I'm pretty sure Sun got pregnant on the island. I think that Jin's potency was one of the island's healing miracles...like Locke walking.


----------



## Lee L (Oct 1, 2003)

jlb said:


> One point I am surprised no one has pointed out yet...........
> 
> We have all the talk about changing the timelines....the talk about if Des had let Charlie die would it have been Penny in the flight suit.......
> 
> All this talk assumes there was only one person in the helicopter. Why couldn't we also assume that maybe Penny was in the copter with this other woman?


That could be it. I have always figured that Desmond thought (or knew, based on his reaction) that it would be Penny because he had already seen it in a previous iteration. Maybe he keeps seeing it over and over, yet still manages to get back there.

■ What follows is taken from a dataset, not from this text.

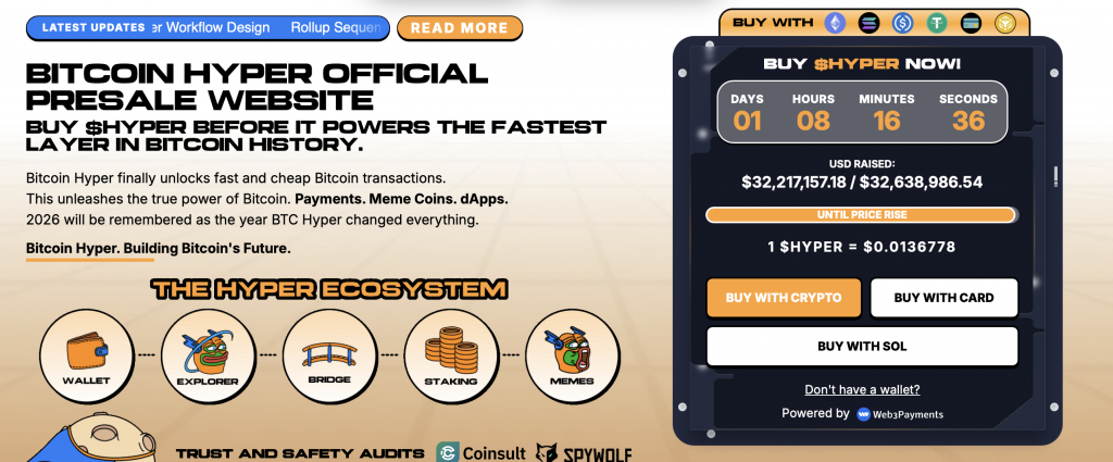 ($HYPER Token-Vorverkauf – Quelle: Bitcoin Hyper Website

Suppose he is changing other things too, all trying to eventually make it so Penny rescues him and he somehow breaks the cycle and never goes back. However, this time, he changed somethign that had the effect of replacing Penny.

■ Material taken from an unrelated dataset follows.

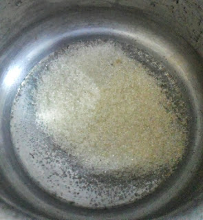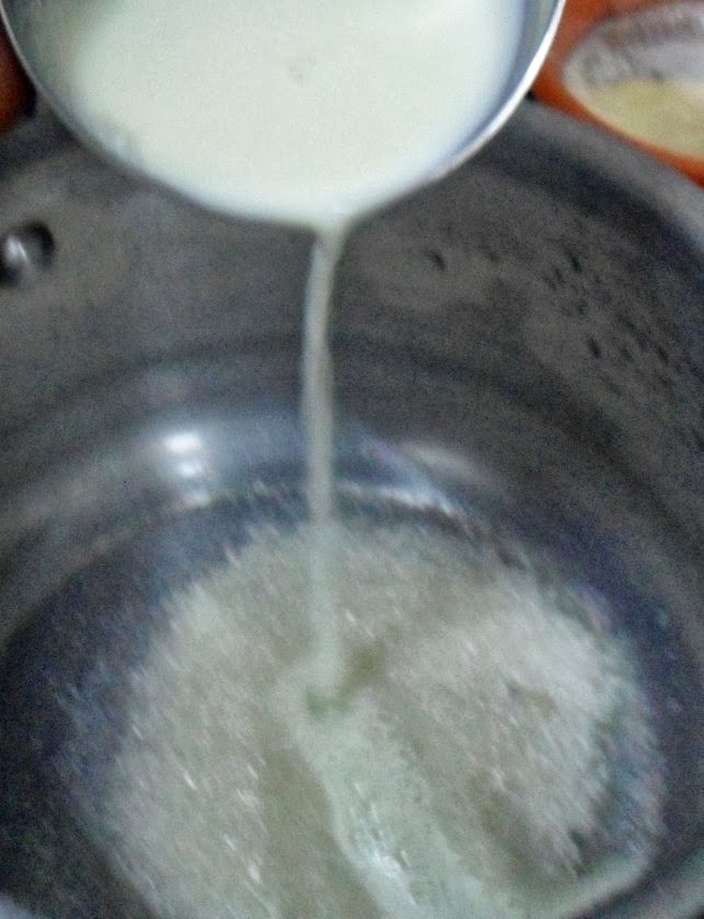 In a non stick pan or thick bottom pan, take the milk, sugar and heat it till the sugar melts.

Of course, it could be nothign to do with timelines.


----------



## TAsunder (Aug 6, 2003)

Schrodeinger's flight suit does not make sense. The cat dies based on direct consequences of the quantum state. In the flight suit theory, who is in the flight suit is not affected even remotely by whether charlie dies or not because they had already jumped. The only way it would work that way is if desmond could somehow transport his consciousness from the two isolated states (state a being penny in flight suit and state b being the other lady). Keep in mind the whole thing would require that quantum mechanics are ultimately behind desmond's "powers"... which I guess could be true, we don't officially know the whole deal with the purple haze.

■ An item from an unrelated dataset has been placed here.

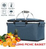 Portátil y plegable: el diseño del mango plegable es conveniente para que lo lleves contigo. Puedes doblar fácilmente la cesta de picnic para ahorrar espacio de almacenamiento. El forro de la cesta de picnic es fácil de limpiar con toallas de papel. Esta cesta plegable es muy adecuada para almuerzo, picnics, festivales de música, compras en supermercados y viajes al aire libre. Una cesta reutilizable puede hacer todo.

So on that idea, the button pushy magnetic device somehow alters things on a quantum level and as a result a certain number of possible states exist, isolated from each other, where certain people (desmond, maybe walt) can interact with the decoherent states.

Kind of far fetched... also doesn't explain how desmond can see the future instead of alternate presents.


----------



## DUDE_NJX (Feb 12, 2003)

tanstaafl said:


> Actually I was thinking of the arrival of the newcomer by helicopter/parachute.


I keep forgetting to use this ---->>>


----------



## wprager (Feb 19, 2006)

unicorngoddess said:


> Well, if she was pregnant and she did get off the island it might not matter. Remember, she said herself that whatever is happening to the women happens at conception and that's why she couldn't stop them from dying. That's why she was able to save Claire. And if Sun got pregnant BEFORE landing on the island then she should be safe too.


She said there was nothing else she could do, at least not on the Island. I felt there was a strong implication that there was something she wanted to try but it would only work on the mainland.

From the previews it looks like


Spoiler



the Sun question is brought up next week. And unless I am either mis-remembering what she said or interpreting it incorrectly, Sun herself is not sure.


----------



## mqpickles (Nov 11, 2004)

wprager said:


> She said there was nothing else she could do, at least not on the Island. I felt there was a strong implication that there was something she wanted to try but it would only work on the mainland.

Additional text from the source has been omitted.